- [What is being asked] Leaving out pictures, output exactly the lines below from the one that has "活动中,采写团先后来到邓权塑" through the one that has "Greek vase painting", and nothing else.

- [Data for this exercise]
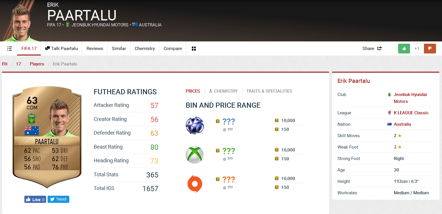หลังกลับไปค้าแข้งในบ้านเกิดกับ เมลบิร์น ซีตี้ดาวเตะจอมพเนจรจากออสเตรเลีย อยู่ 2 ฤดูกาล แข้งชาวออสเตรเลียก็ชีพจรลงเท้าอีกครั้ง ด้วยการย้ายไปร่วมทัพ ชุนบุค ฮุนได มอเตอร์ส เมื่อปีก่อน มาจนถึงการย้ายมาเล่นกับเบงกาลูรู ในลีกสูงสุดของอินเดียเมื่อเดือนมิถุนายนที่ผ่านมา โดยในภาค 17 นี้ แม้เจ้าตัวจะย้ายไปร่วมทีมดีกรีแชมป์เคลีก แต่ค่าพลังโดยรวมกลับลดลงจาก 66 ในภาคที่แล้วเหลือเพียง 63 โดยค่าพลังที่โดดเด่นที่สุดคือ Strength ที่ 82 ตามมาด้วยการยิงไกลที่มีค่า Shot Power 69 และ Long Shots 64 ในขณะที่ค่าพลังที่สำคัญในตำแหน่งมิดฟิลด์อย่าง Short Passing ได้เพียง 63 เท่านั้น
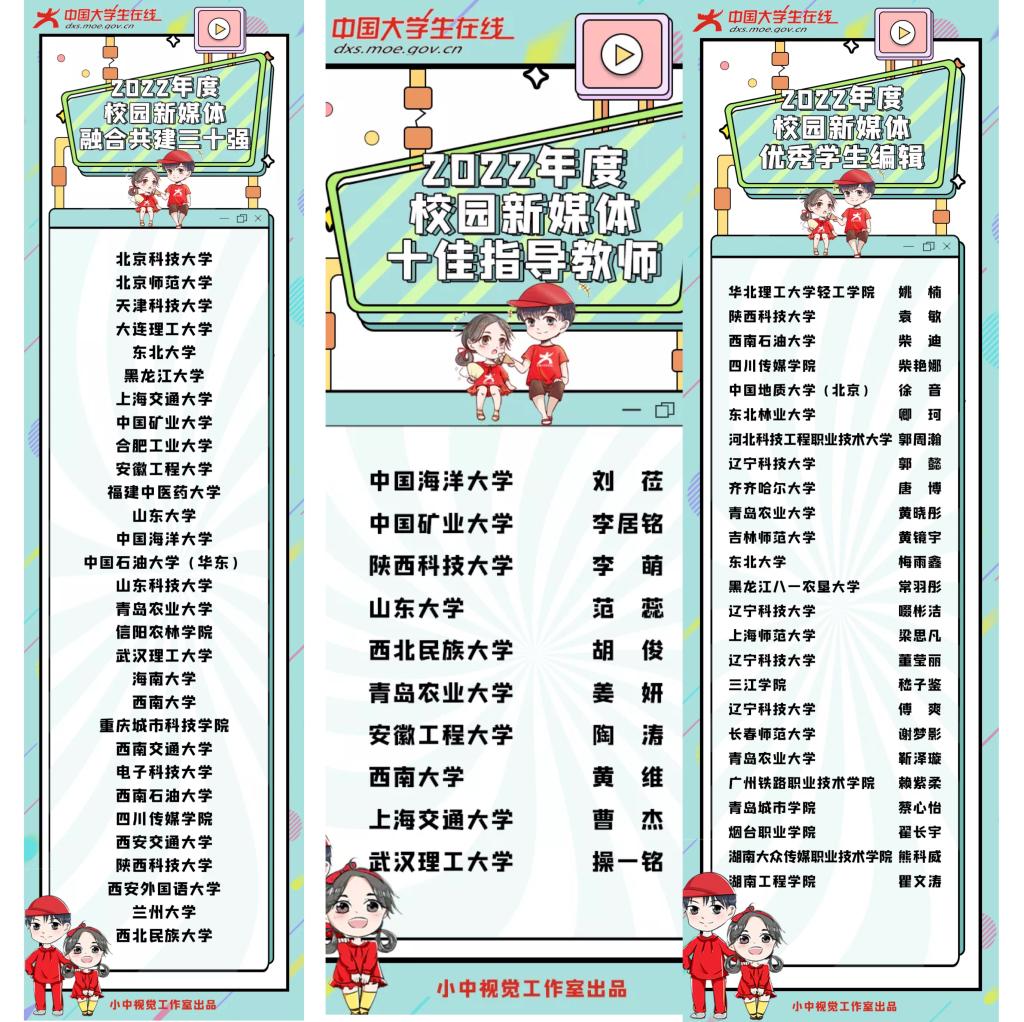 12月23日,由教育部主導(dǎo)并推動的網(wǎng)絡(luò)文化建設(shè)與主題教育平臺“中國大學(xué)生在線”2022年度校園新媒體表彰名單公布,我校蟬聯(lián)“校園新媒體融合共建三十強高?!保W(wǎng)絡(luò)思想政治工作中心主任李萌再次獲得“校園新媒體十佳指導(dǎo)教師”榮譽稱號,經(jīng)濟與管理學(xué)院學(xué)生袁敏獲評“校園新媒體優(yōu)秀學(xué)生編輯”。
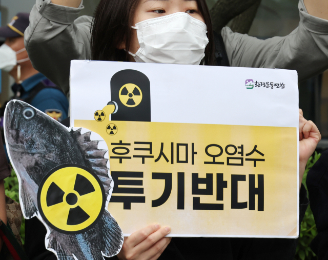 8일 서울 종로구 일본대사관 앞에서 후쿠시마 원전 오염수 해양투기에 반대하는 국제 연맹 단체 관계자들이 오염수 해양투기를 규탄하는 기자회견을 열고 구호를 외치고 있다. 연합뉴스
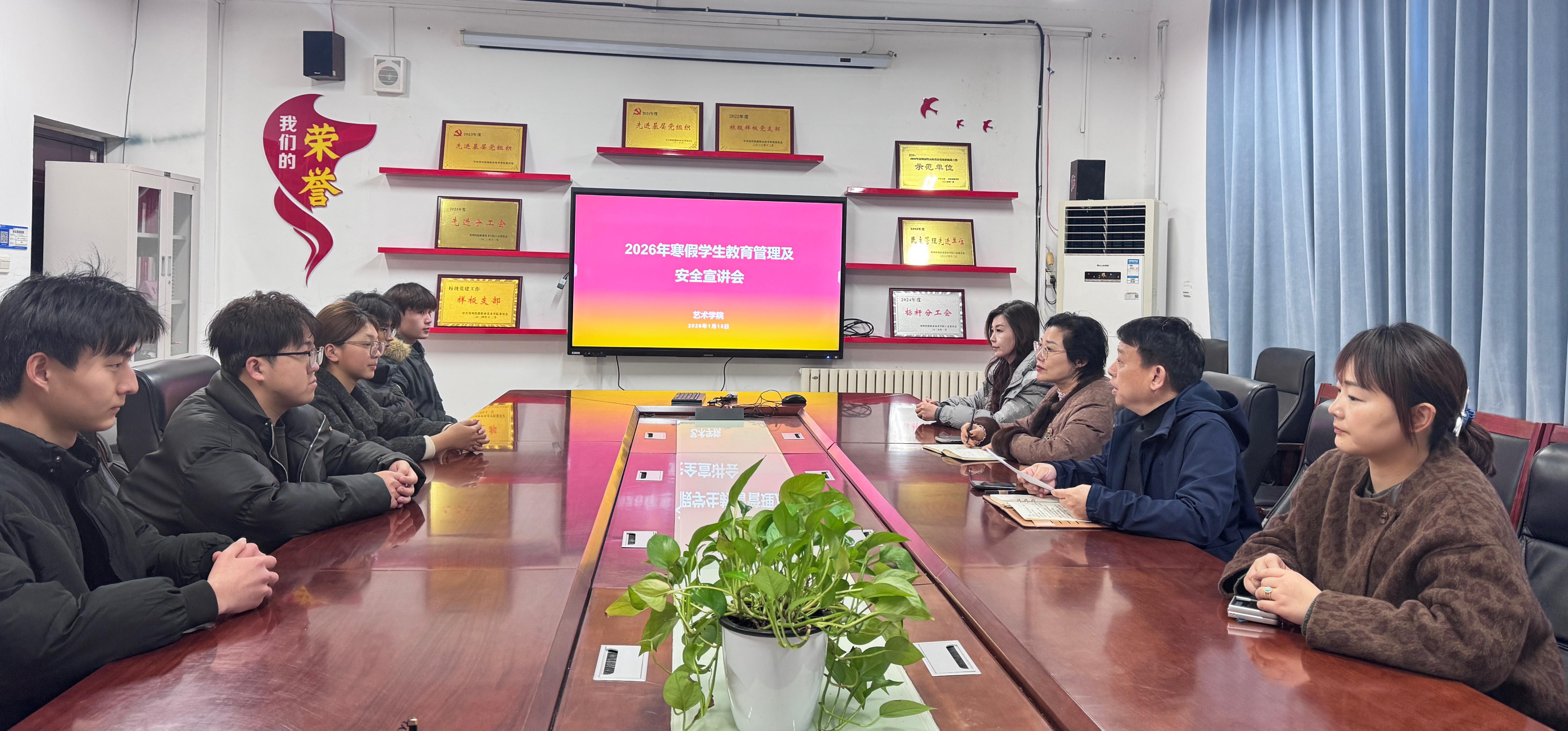 为深入贯彻落实学校假期学生留校管理制度,做好寒假期间留校备赛学生的教育管理与安全保障工作,艺术学院于1月15日组织召开了《2026年寒假学生教育管理及安全宣讲》专题会议。艺术学院党总支书记薛燕、院长邹联丰、指导教师及全体寒假留校备赛学生参加了会议。
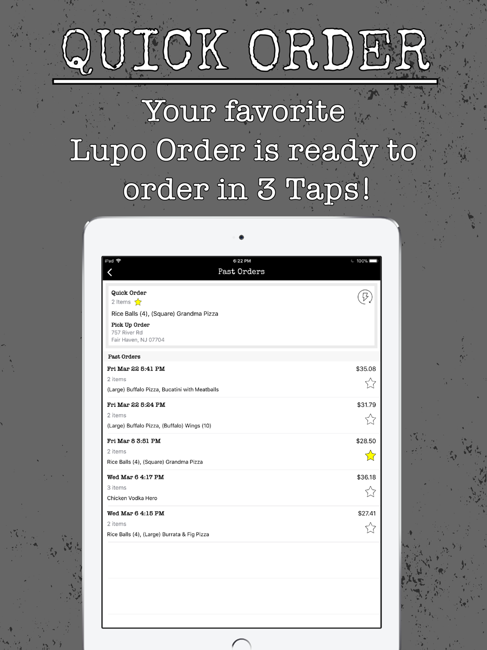 Quick Order - *Account Required* After you choose your favorite order, you now have the ability to order your Favorite Lupo Order in less than 3 taps!
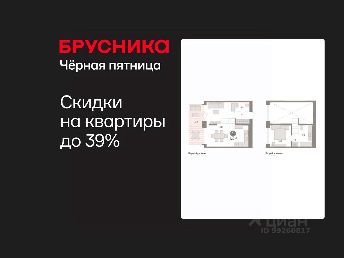 1-комн. квартира от застройщика с предчистовой отделкой в ЖК "Дом у озера" на 1 этаже. Двухуровневая квартира, большое количество свободного пространства дает возможность воплотить в жизнь свои дизайнерские идеи. Общая площадь: 72.74 кв.м., жилая: 10.1 кв.м., площадь просторной кухни-гостиной: 34.3 кв.м. Все окна выходят на одну сторону. В квартире один балкон, один совмещенный санузел. Высота потолков 2.7 м.
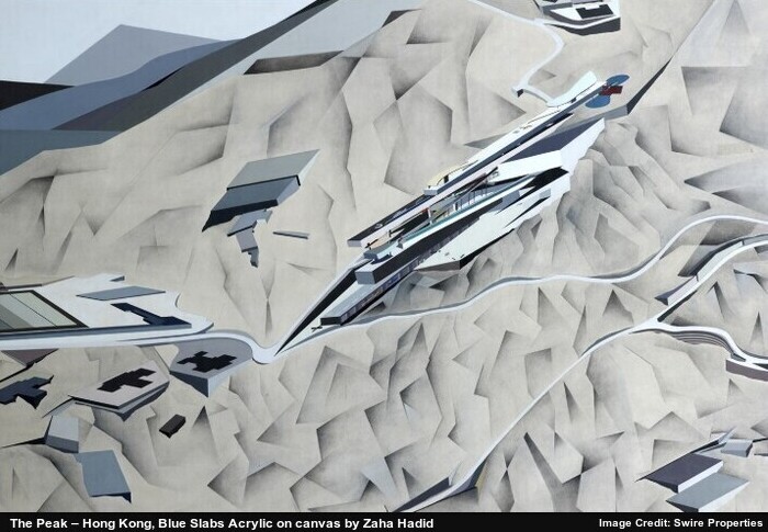 In the early days of her career, Hadid was greatly inspired by Russian painter Kazimir Severinovich Malevich (February 23 (O.S. February 11, 1879 – May 15, 1935) and his Suprematist Movement, which encouraged her to use abstraction and geometric shapes as a design tool for her architectural concepts, thus developing a new architectural language which moved beyond traditional, objective forms. This influence is visible in her early, often unbuilt, projects, like The Peak (1983). In Suprematism, various geometric shapes are placed at different angles with minimal use of colour, creating a scene that evokes a pure artistic feeling and a higher spiritual consciousness beyond the material world.
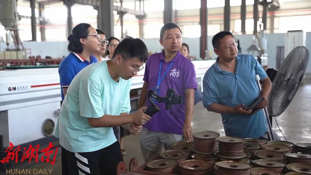 活动中,采写团先后来到邓权塑业科技(湖南)有限公司、湖南鸿云杭萧绿建科技有限公司,深入企业车间厂房,利用手机、微单、无人机等设备进行实地拍摄,并与企业负责人深入交流,详细了解企业发展历程、生产经营、企业文化、市场拓展等情况,探寻企业高质量发展“密码”。
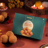 Emerald hues meet shimmering silver in green Gotta Patti Karwa Chauth thaali, framed with delicate lace. The set, adorned with shringar essentials, radiates grace and tradition, while the lotus diya holders add a glow of devotion. Rich desi ghee besan laddoos bring warmth and sweetness, perfectly paired with a signature dryfruit box that blends taste and nourishment. Every detail echoes the essence of Karwa Chauth—a day of love, strength, and togetherness, where partners honour their bond through prayer, tradition, and heartfelt offerings.
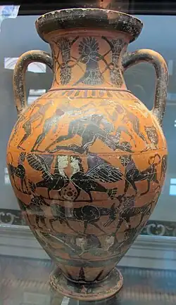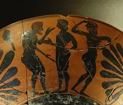 Greek vase painting is a major source for scholars seeking to understand attitudes and practices associated with paiderastia.[62] Hundreds of pederastic scenes are depicted on Attic black-figure vases.[63] In the early 20th century, John Beazley classified pederastic vases into three types:
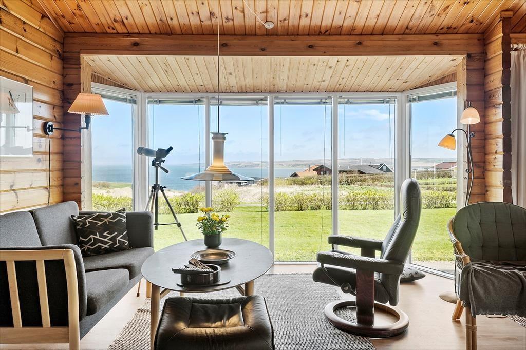 When you wake up in this charming log house on Bellisvej 56 in Gjellerodde, you're greeted by the sunrise over the Limfjord and a sense of peace that instantly makes your shoulders relax. Here, you’re invited to let your holiday unfold in a cosy and homely summer house that centres on the view, warmth and presence. Whether you're enjoying your morning coffee on the terrace or relaxing in front of the wood-burning stove, it's the ever-changing moods of nature that set the tone.
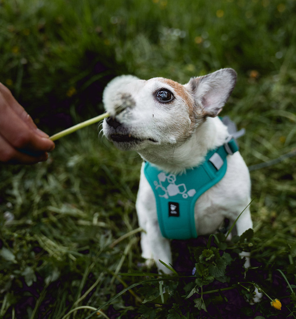 Nano is 7,5kg Jack Russell Terrier senior dog and wears color Peacock and size 45-60 in Hurtta Weekend Warrior dog Harness II Eco.
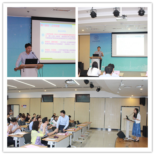 姜冠成详细介绍了上海市语委开展高校语言文字工作的背景、意义和要求,从依据目的、基本流程、现场阶段和相关材料四个方面介绍了评估的基本要求。姜冠成指出,推广普通话、推行规范汉字,开展语言文字的规范化管理,是贯彻落实《中华人民共和国国家通用语言文字法》和依法管理的一项重要措施。语言文字工作是高等学校承担的职责和使命,要深刻理解语言文字工作作为文化载体在学校文化建设中起着基础性的作用,深刻理解做好学校语言文字工作对增强学校内涵发展,为社会培养具有创新意识的高素质人才的重要意义。市语委对我校前期的准备工作予以充分的肯定,希望大家遵循“以评促建、以评促改、以评促优”的评估方针,进一步提高学校语言文字的规范化水平。

- [Your solution]
 活动中,采写团先后来到邓权塑业科技(湖南)有限公司、湖南鸿云杭萧绿建科技有限公司,深入企业车间厂房,利用手机、微单、无人机等设备进行实地拍摄,并与企业负责人深入交流,详细了解企业发展历程、生产经营、企业文化、市场拓展等情况,探寻企业高质量发展“密码”。
 Emerald hues meet shimmering silver in green Gotta Patti Karwa Chauth thaali, framed with delicate lace. The set, adorned with shringar essentials, radiates grace and tradition, while the lotus diya holders add a glow of devotion. Rich desi ghee besan laddoos bring warmth and sweetness, perfectly paired with a signature dryfruit box that blends taste and nourishment. Every detail echoes the essence of Karwa Chauth—a day of love, strength, and togetherness, where partners honour their bond through prayer, tradition, and heartfelt offerings.
 Greek vase painting is a major source for scholars seeking to understand attitudes and practices associated with paiderastia.[62] Hundreds of pederastic scenes are depicted on Attic black-figure vases.[63] In the early 20th century, John Beazley classified pederastic vases into three types:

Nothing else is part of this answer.